Мне очень хотелось верить в то, что его последние мгновения не были ни страшными, ни болезненными. И перед глазами все еще его лицо, и на нем — такая щемящая нежность написана, что понимаешь: никто и никогда не сравнится с ним. Моя радость.
Когда солнце село, и небо подернулось сиреневой дымкой, я повернулась на бок, затем села. Оказывается, я находилась на невысоком зеленом холме, откуда открывался вид на долину, разбитую на дольки извивистыми рукавами реки, текущей невесть откуда и куда. И там, в долине, происходило нечто такое, отчего я подобралась, не зная, что дальше делать.
Там земля вспучилась гигантским грибом, куски грунта с травой сползали вниз, и было видно, как сквозь ткань новорожденного города медленно прорывается что-то новое, в мутной белесой пленке. Огромное и неживое. И когда это нечто вылезло достаточно, пленка лопнула, рассыпавшись невесомыми лохмотьями, и моему взгляду предстал дворец: белый-белый, точно свежий снег, с тонкими башенками, тянущимися к хрустальному куполу неба, с синими остроконечными крышами, переливающимися перламутром. С арками, эркерами, открытыми галереями. Даже отсюда я видела огромные ворота с золочеными створками, и ворота были распахнуты, словно приглашая.
«Иди туда».
Мне показалось, что сквозь шорох травы я слышу шепот Эриса.
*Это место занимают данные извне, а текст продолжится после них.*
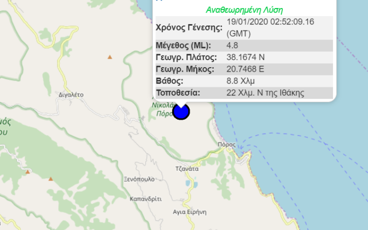 Σύμφωνα με το Γεωδυναμικό Ινστιτούτο του Εθνικού Αστεροσκοπείου Αθηνών, ο σεισμός είχε ένταση 4,8 Ρίχτερ, με το επίκεντρό του να καταγράφεται 22 χιλιόμετρα νότια της Ιθάκης κι 261 χιλιόμετρα δυτικά της Αθήνας.

«Иди туда, там — твое место».
Что ж…
Я поднялась на ноги, подоткнула за пояс длинный подол своего деревенского платья и пошла вперед, по сочной траве, вдыхая невероятно вкусный, напоенный свежестью воздух реальности, созданной для меня.
Сперва казалось, что долина — необъятная, и что я буду брести до дворца много дней. Но чем дольше я шла, тем быстрее, казалось, долина ложится под ноги. И вот, наконец, я остановилась перед ажурными золотыми воротами. Помедлила, не решаясь, а затем прошла под аркой. Передо мной стелилась прямая широкая дорожка, желтая, словно мой потерявшийся Эшти. Его Эрис подарил мне после нашей первой ночи, которую вряд ли можно было считать приятной.
Я пошла дальше. Внутрь.
Дворец был совершенно пуст. Я невольно любовалась белым мраморным великолепием, резьбой, изысканными орнаментами. Высокие двери из светлого дерева, обитые фигурными медными полосами, сами распахивались передо мной, как будто указывая дорогу…
И это было так.
Дворец сам привел меня в тронный зал. И там, у входа, прямо посреди порога, я увидела золотую корону. Она была украшена изумрудами и черным жемчугом… Ах, Эрис. Ты предусмотрел все. Ты создавал эту реальность из своей любви, исключительно для меня и нашего малыша. Ты знал, что изумруды оттеняют мои глаза, и не мог, просто не мог без них обойтись.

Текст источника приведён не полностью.